Dinner and a Trailer…

So, the other night the crew and family convened for a celebratory dinner in the quaint little burg of Bordentown, New Jersey. Being the only Philly guy involved in this (well, Amy’s a sort-of Philly chick, but she’s up in Bucks County. Still reps Philly Punks to the end, though) I have to take my shots at Jersey because…well, because it’s Jersey. Still, Bordentown is a very nice little spot and I always enjoy my sojourns up there, even if the ride is very long.  We met at a very nice Italian restaurant called Toscanos (shout-out for free food next time???). It was so nice that I couldn’t understand a single thing on the menu. Me and Salerno, a couple of Dagos, were WAAAY out of our league on this one. I kept reading over the menu for anything with gravy; they kept calling it “sauce.” Sheesh. I think Randy would have been happy if he could have just gotten a hamburger, or a diner-like blue ribbon special. The sophisticates among us; the Tozz, Pete, Amy and her husband Howard seemed right at home with the elegance of the food and the ordering of the wine. Me and Pookie were just happy to be there.

"RIOT" crew enjoys a celebratory feast.

There was a greater purpose involved with this gathering; as much as we like each others’ company (at least I think we do. I know I do. I can’t really speak for the others. I’m pretty sure that Pete Tabbot hates me, but that’s just jealousy because I’m so damned handsome…) we had an exciting incentive to get together. Tozzi had just pieced together a trailer for the film and wanted to premier it to us. I (who am notoriously bad at checking and keeping up with my email) didn’t realize this was happening until the day before, so I didn’t really have time to be nervous. We’ve been shooting for months and I have not seen one bit of footage; not a single second. And not that I doubt Tozzi’s talent at all. I am completely new to the world of filmmaking. I deal in words, not visuals, so the mechanics of telling a story through film is like a baffling alchemy to me; a kind of divine magic that escapes my clumsy brain. All I knew is that we had literally hours of footage shot. I could not fathom being the director and wading through all that and splicing together any kind of coherency and continuity. I’d be too overwhelmed. Even piecing together a 5 minute trailer seemed like a Herculean task to me. Once again I must tip the cap to the esteemed director.
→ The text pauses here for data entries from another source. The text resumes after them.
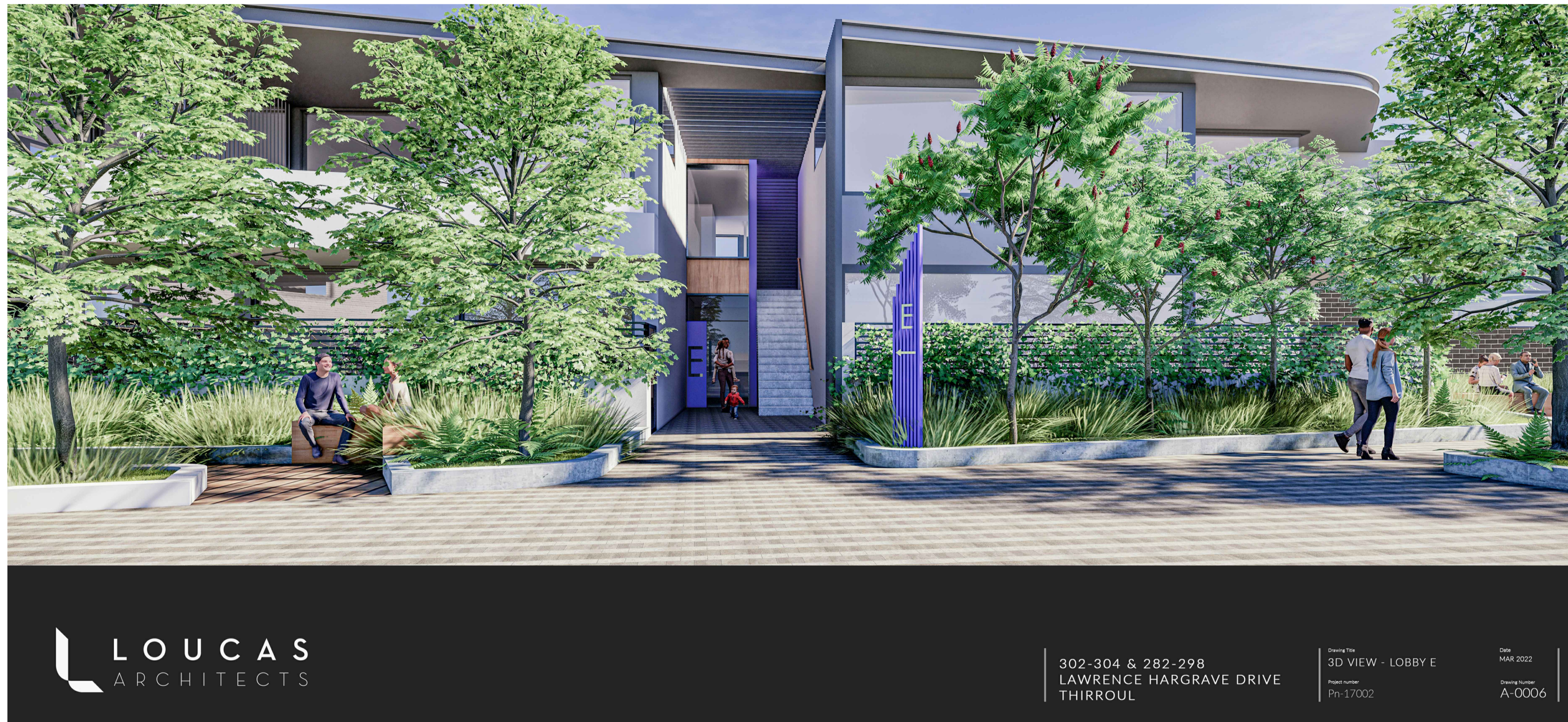
03 LOBBY E - VIEW 02 (LOBBY D SIMILAR) NTS
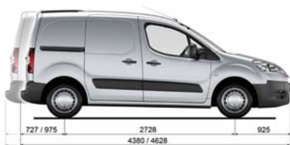
Long version (L2)
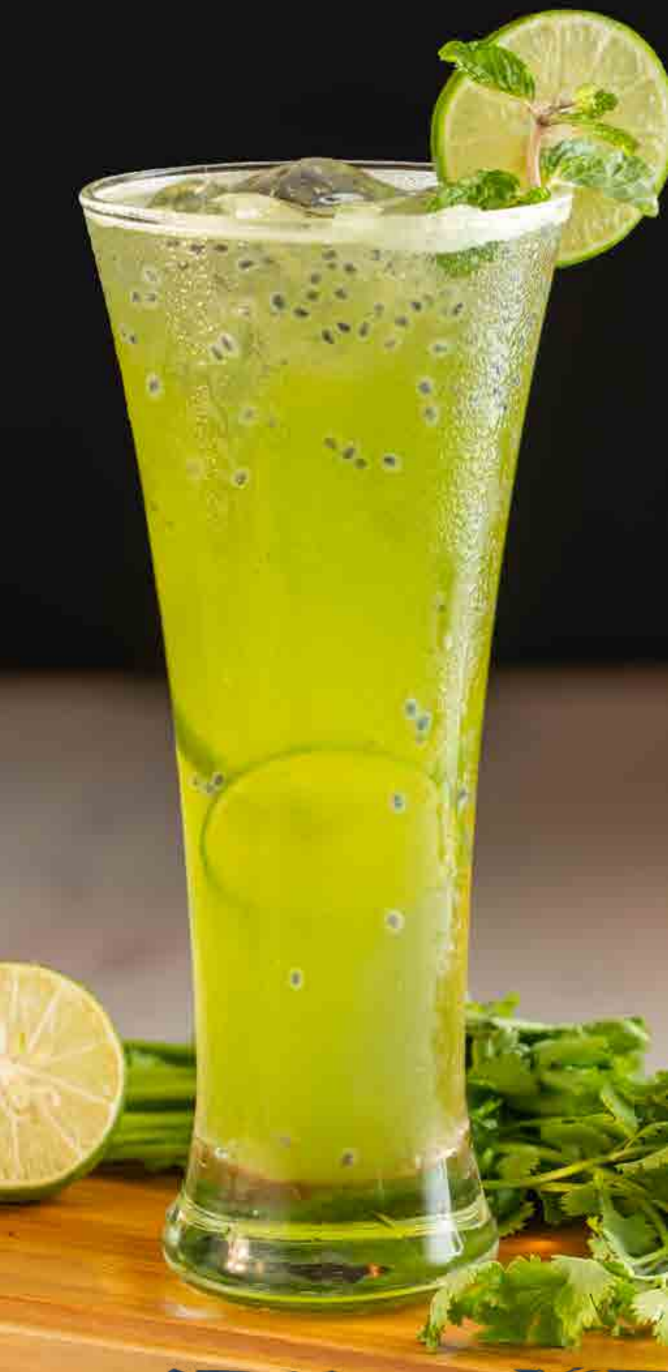
Green Passion Mix Corriander dan Lime
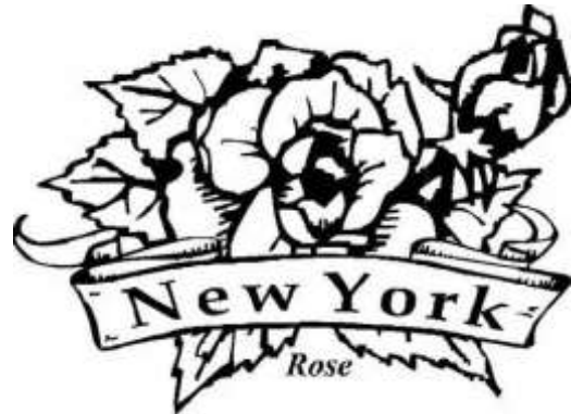
New York State Flower: Rose
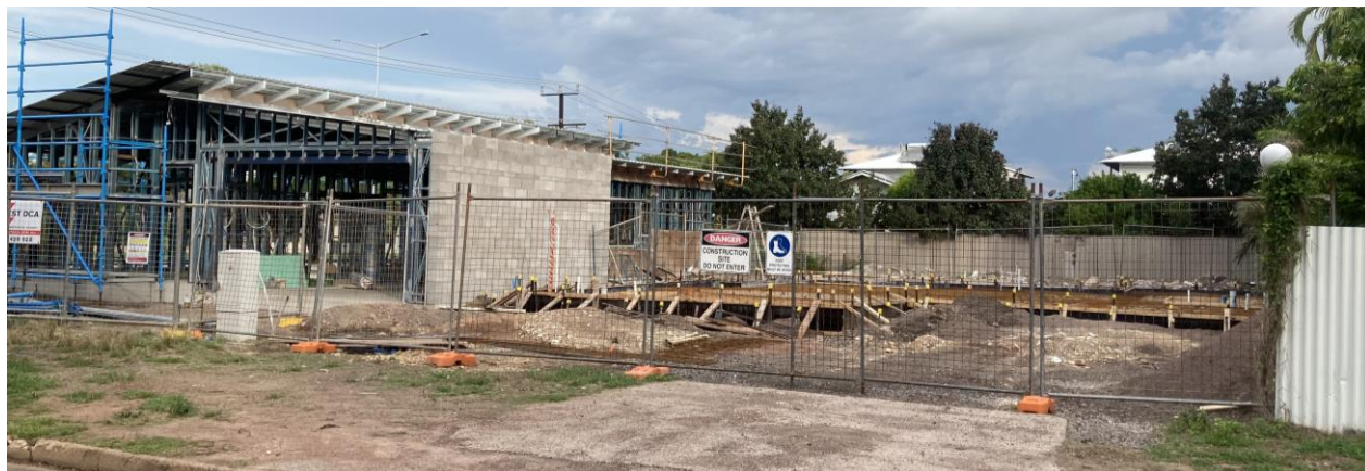
Construction photo: Fannie Bay - Christie Street - 3 detached single dwellings
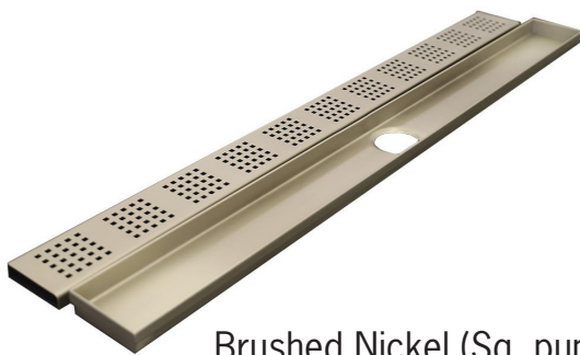
Brushed Nickel (Sq. punch)
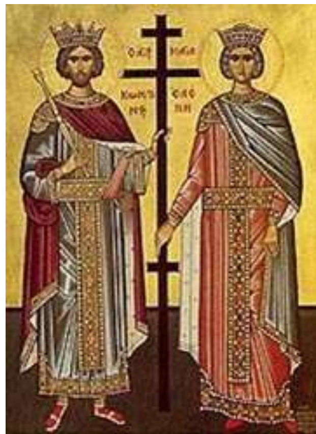
Sts. Constantine and Helen Equal to the Apostles
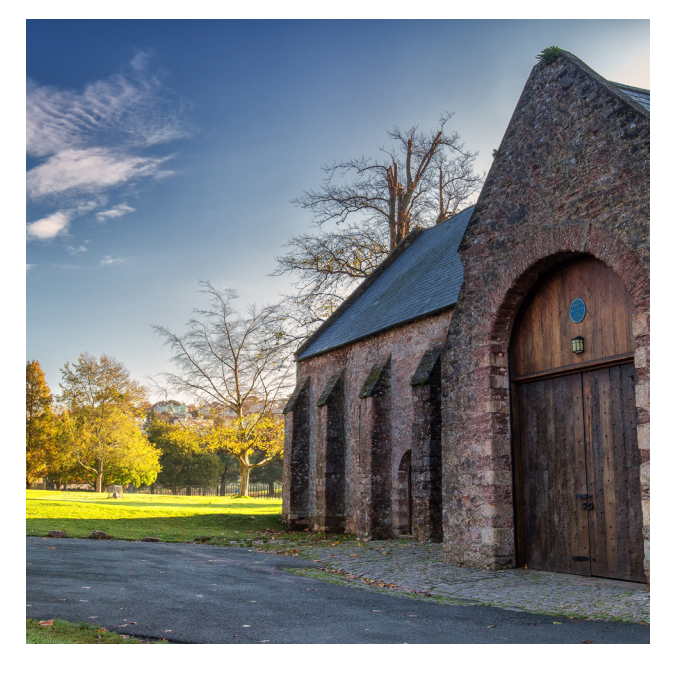
Top Left: Outside the Barn

Owing to the status of the Spanish Barn we recommend only using the venue during the summer months. If you are using the Spanish Barn for your ceremony and reception we offer a minimum hire period of 3-days. With these points in mind we ask that you give this due consideration.
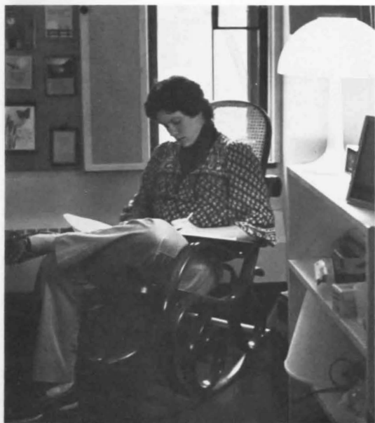
A relaxing atmosphere for study.
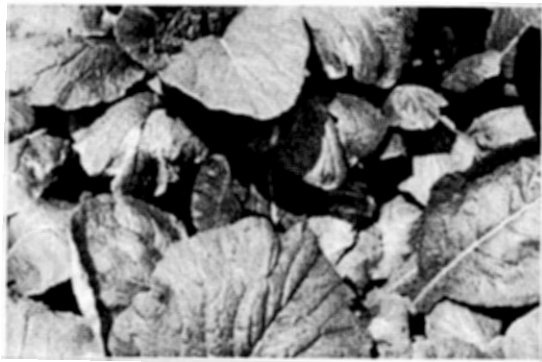
Figure 1. Turnip with V-shaped lesions at the leaf margins caused by black rot.

Symptoms - Plants at any stage of development are susceptible. Seedlings from infected seed die quickly and serve as sources of the bacteria that infect other plants. On true leaves, the disease is easily recognized by the presence of yellow V-shaped lesions extending inward from the leaf margins (Figure 1). The center of the lesion dries out and turns brown, and veins within the lesion appear blackened. The lesions extend into the leaf, killing large areas of affected leaves. Older leaves with lesions may develop numerous black, oval spots on the petioles and soon drop from the plant. Cutting into stems and petioles of severely affected plants reveals a black discoloration of the vascular system.
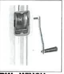
IRW - WINCH Reinforced Welded Door Frame

NOTE: Flagpole Components on Anodized and Powder Coat flagpoles (excluding specified Ornaments and Ball Trucks) will match flagpole color specified.
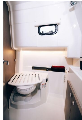
Jeanneau Merry Fisher 895 Sport - toilet and shower compartment
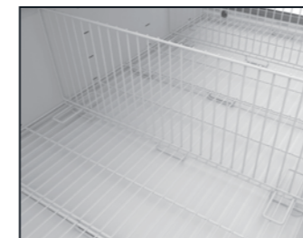
WIRE TRAY & PRODUCT DIVIDER
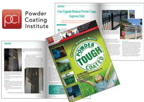
Fall Issue of Powder Coated Tough Magazine

When this Florida-based fence and railing maker needed a more reliable powder coating application system, they turned to ITW Gema.
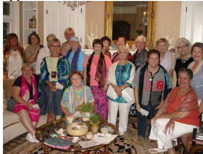
Alabama Grandmothers 2010 attending Water Ceremony

Grandmothers would like to extend its heartfelt thanks to all those who joined us in spirit, from all across the country, to send positive energy to help heal our beloved Gulf. Those of you that informed us of your intentions were acknowledged in an announcement prior to the water ceremony. All efforts to support life in and around the Gulf is always welcomed and greatly appreciated.
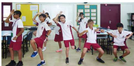
Grade 6 'Happy Roosters'
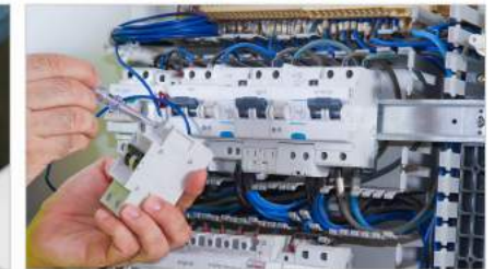
Dispatch Inspection & Testing

Amy and I arrived with our spouses and everyone had gathered at the bar to wait for us. As soon as we walked in I presented the crew with gifts I had for them. I had been working on getting them done for months: T-Shirts emblazoned with the “Riot on the Dance Floor” logo. As a testament to the generosity and the general altruism of folks that grew up in “our” scene, Bruce Boyd (former drummer of Philadelphia’s own Pagan Babies) designed and printed five of these shirts just for us and then took the time to have them shipped all the way to Philly (Bruce lives in Utah now). Funny aside: when the package arrived in Philly for postal processing it was handled by Michael McManus, former singer for the Pagan Babies and current vocalist for the Heels. Michael immediately recognized Bruce’s name and my name (not to mention the Punk Rock drawings Bruce had inscribed on the box) and added some graffiti of his own (the best line being “small people make cool movies”)! True story, swear to God! Anyway, it felt good to give something unique to the people who have become such a huge part of my life over the last few years and I was glad that, with Bruce’s help, I was able to express an infinitesimal bit of my gratitude.

Oh, and Pete actually bought a round of drinks. Of course I am in NO way disparaging or casting the slightest of aspersions on his ethnicity…  (Hee hee, just kidding Pete.) Pete always buys rounds whenever we get together; far more than my cheap ass ever has…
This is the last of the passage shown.